**Try it**
The needed output is the run of lines below from the one containing "三年级依照第二学年评定结果确定。" through the one containing "戎美衣尚纯山羊绒开衫女圆领复古外套针织衫软糯欧货毛衣宽松上衣", copied exactly and free of pictures.

[Dataset excerpts]
▬▬▬▬▬▬
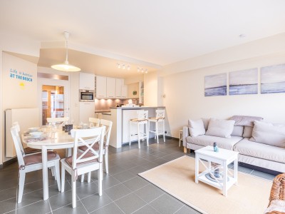Cosy and sunny two-room flat with side sea view in the centre of St-Idesbald. Perfect location for a stay with children. No need to cross the street with the tram to go to the sea. The supermarket, bakers, butchers, fishmongers and restaurants are a stone's throw from the flat.
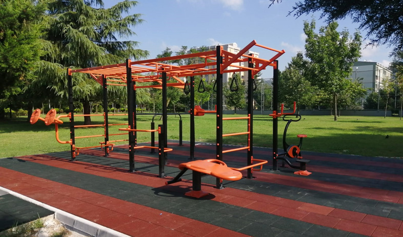 Kocaeli Büyükşehir Belediyesi İzmit Yahya kaptan yürüyüş yolundaki eskiyen spor aletleri yerine yeni workout spor istasyonu kurdu
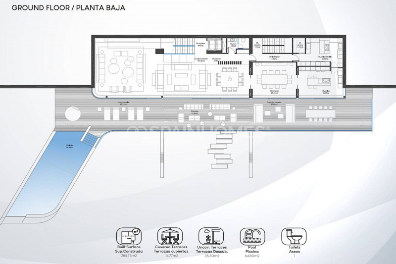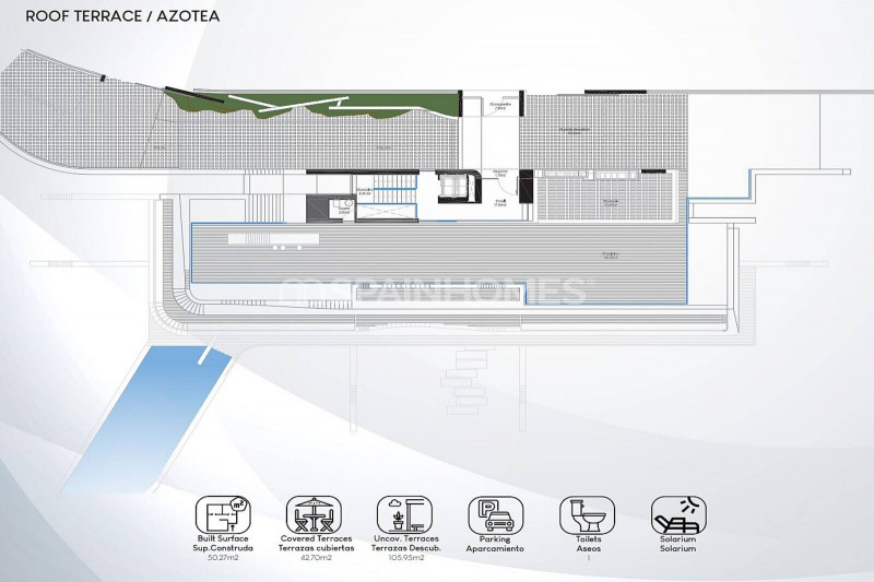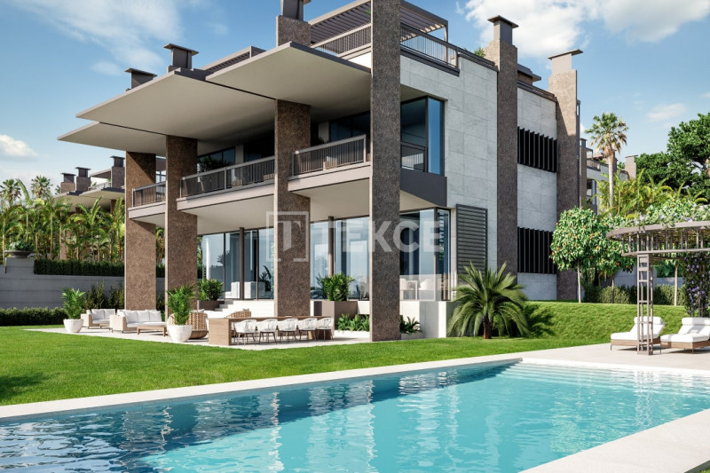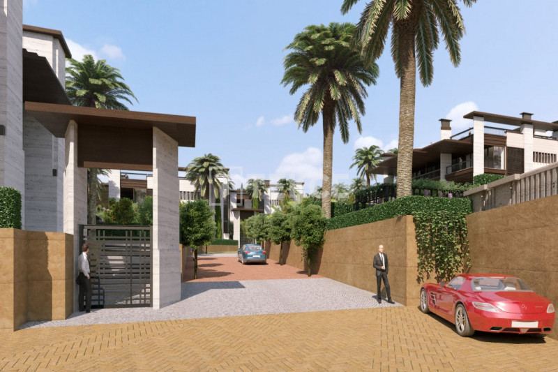 Первоклассный дом построен на крупном участке площадью 2000 м² в жилом комплексе. Придомовая территория включает в себя ухоженный сад, открытые лаундж-зоны, солярий, площадки для отдыха и обеденные зоны под открытым небом, где можно приятно провести время, наслаждаясь сенсационными средиземноморскими закатами. Одной из изюминок дома является потрясающий бассейн-инфинити со струйным водопадом.
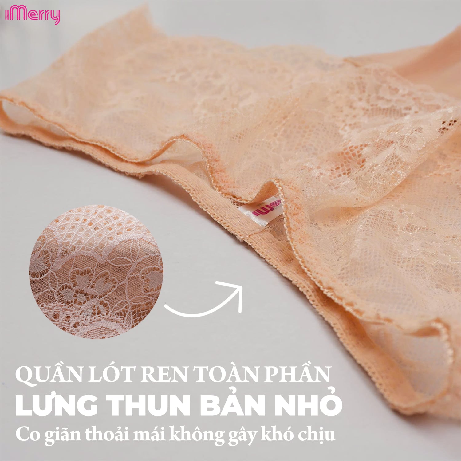 Sử dụng ren mềm mại, bề mặt mịn và có độ co giãn tự nhiên.
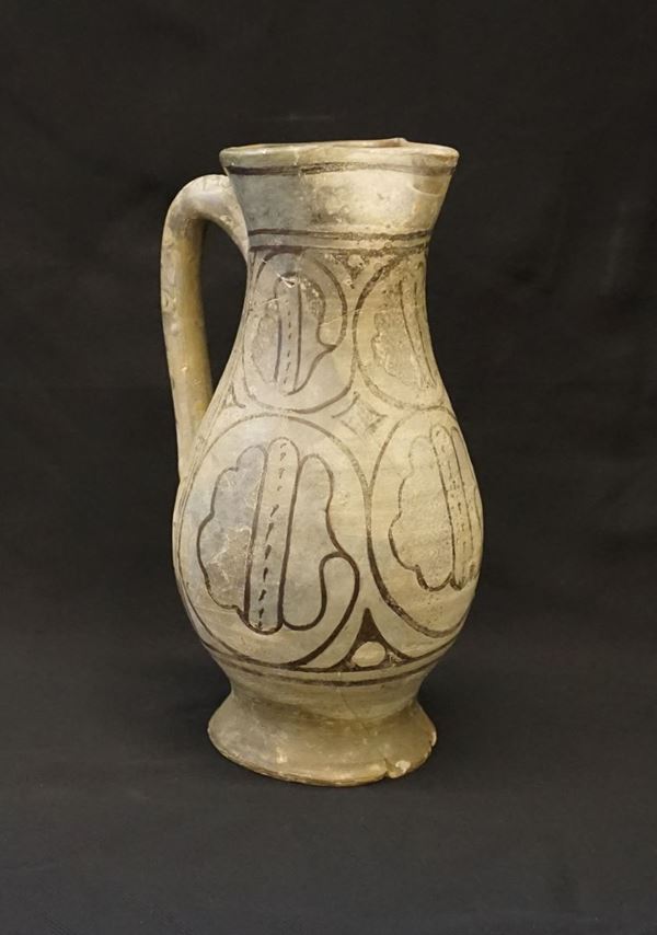 in maiolica decorata a motivi vegetali, alt. cm 23, difetti e restauri
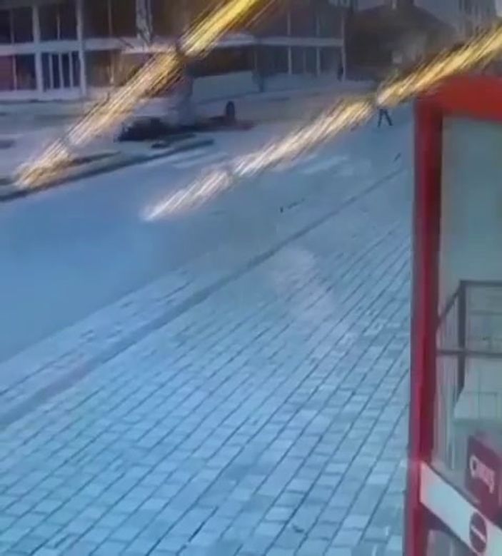 Görüntülerde, motosikletli Eyüp Uzunoğlu’nun karşı yöne geçmeye çalıştığı esnada servis otobüsü ile çarpışması, metrelerce sürüklenmesi ve kazayı görenlerin koşuşturması yer aldı.
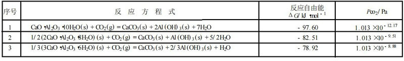 在熱力學(xué)上,這些水化產(chǎn)物在空氣中發(fā)生碳酸化反應(yīng)完全是可能的,涉及的反應(yīng)方程式見(jiàn)表1.在25℃、標(biāo)準(zhǔn)大氣壓下,三個(gè)反應(yīng)的自由能均為負(fù)值,且CO2的平衡分壓PCO2 分別為1.013X10-12.17Pa 、1.013X10-9.51Pa和1.013X10-8.88Pa。而在大氣壓中。PcO2=1.013X101.5Pa,這一數(shù)值比耐火澆注料中含水鋁酸鈣開(kāi)始碳酸化反應(yīng)所需的CO2的分壓高許多,如對(duì)于十水鋁酸鈣是(1.013X101.5)/(1.013X10-12.177)=4.68X1013倍。在熱力學(xué)上,含水鋁酸鈣抗CO2能力的順序?yàn)椋?/span>3CaO· Al2O3·6H2O>2CaO·Al2O3·8H2O>CaO·Al2O3·10H2O。高鋁水泥水化產(chǎn)物的碳酸化速度依賴(lài)于水化產(chǎn)物的穩(wěn)定度。
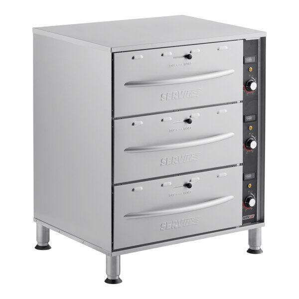 Keep your most sides and entrees hot and ready to serve with the ServIt WDSFS-3 triple freestanding drawer warmer!
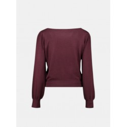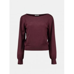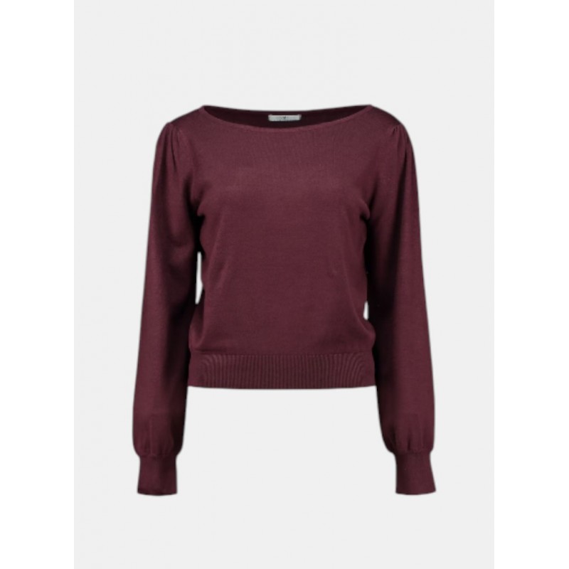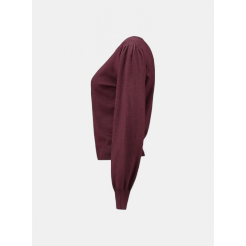 Jersey liso para mujer de cuello barco, hombros fruncidos y puños de sus mangas largas elástico.
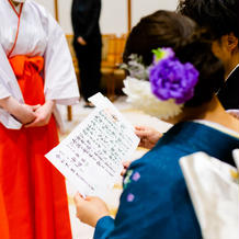 神前式では難しい文章を新郎新婦が読み上げたり、真榊奉納の手順があったりと少し難しく感じるものもあるのですが、リハで押さえるべき要所を分かりやすく伝えて下さったので、不安なく進行に集中できました。
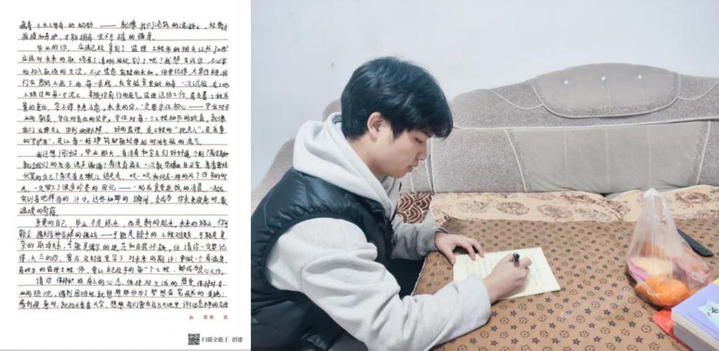 紧接着组员郑涛的信件核心体现了“贯通与担当”——他将课堂所学的专业理论,与长远的职业理想、社会建设责任紧密串联,抒发了土木学子学以致用、筑造未来的抱负。最后组员梁继作为收官者,其信核心在于“细腻与深耕”——以独特的细腻视角,畅想了在工程领域深入发展与人文关怀并重的成长路径,为项目增添了柔韧而深远的一笔。
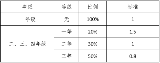 三年级依照第二学年评定结果确定。
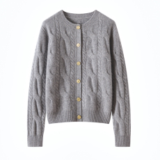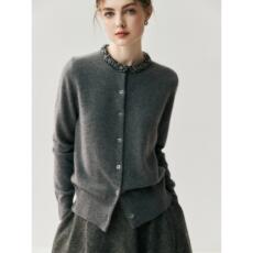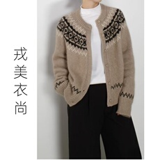 戎美衣尚纯山羊绒开衫女圆领复古外套针织衫软糯欧货毛衣宽松上衣
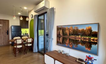 Experience modern living in Ecopark with this minimalist apartment that combines eco-friendly design and urban style. Flooded with natural light through large windows, each space has a stunning and airy view. Finished with friendly wooden furniture and an efficient layout, ensuring comfort and practicality. Enjoy facilities including a cafe, fashion shop, fitness center and parks. This home offers a peaceful and well-connected getaway. Live and love green now! Designed and decorated in a minimalist style, It Dust is confident to bring a relaxing experience to customers. In addition, to enhance the service experience for customers, we provide smart TVs with Netflix Premium, Youtube Premium. You can use the facilities such as outdoor basic gym, swan lake... and the swimming pool ticket is not included. Please note, the swimming pool will be charged separately. Motorbike/Car can be parked in the basement (additional fee). Renting bicycle is available.
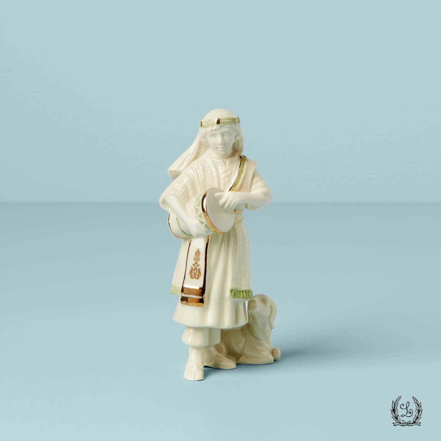 The First Blessing Drummer Boy Figurine is an elegant and compelling addition to a nativity collection. This ceramic figurine features the drummer boy with accents of teal and 24-karat gold. A lamb sits at his feet.
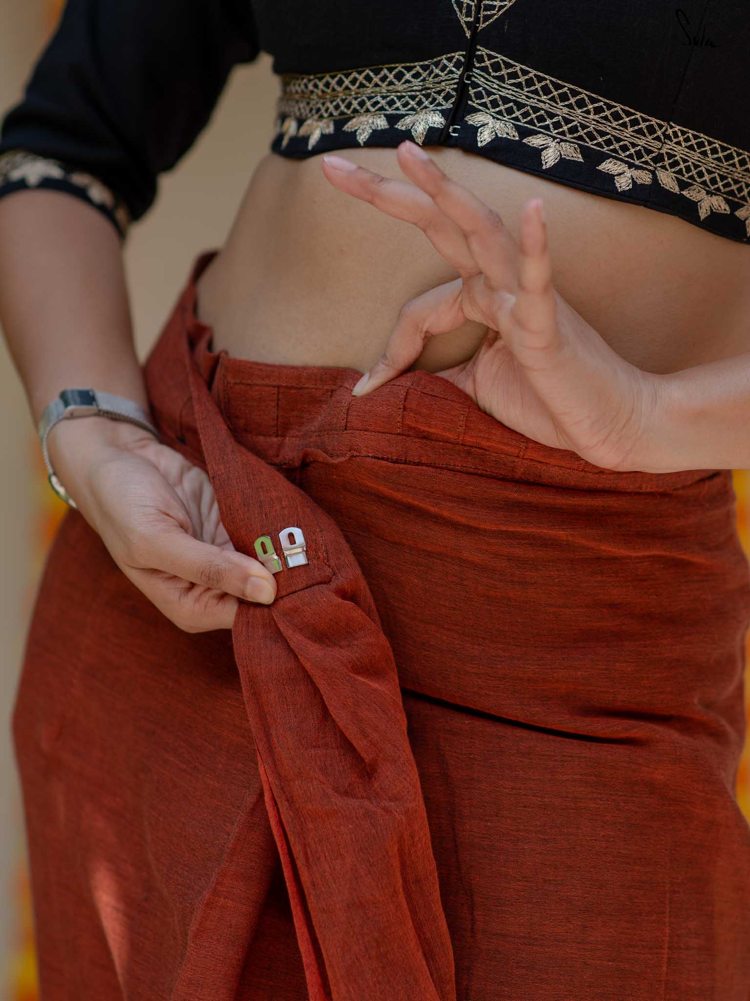 These ready-to-wear sarees feature attached underskirts and handy pockets. Simply slip it on and style it in three easy steps for a stunning look in just 30 seconds. Perfect for any occasion, these sarees combine traditional charm with modern functionality. Get ready to turn heads without the hassle.
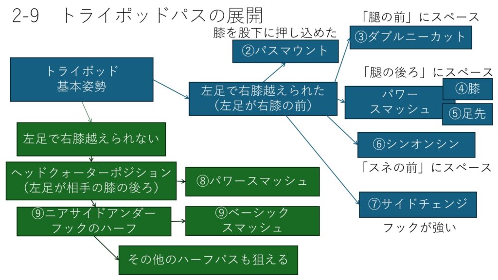 前半のチャプターではトライポッドパスのバリエーションを紹介しています。一つの技を狙うのではなく、相手のリアクションに合わせて最適な技を出すことで強力なパス「システム」になります。
▬▬▬▬▬▬
**Solution for this task**
 三年级依照第二学年评定结果确定。
 戎美衣尚纯山羊绒开衫女圆领复古外套针织衫软糯欧货毛衣宽松上衣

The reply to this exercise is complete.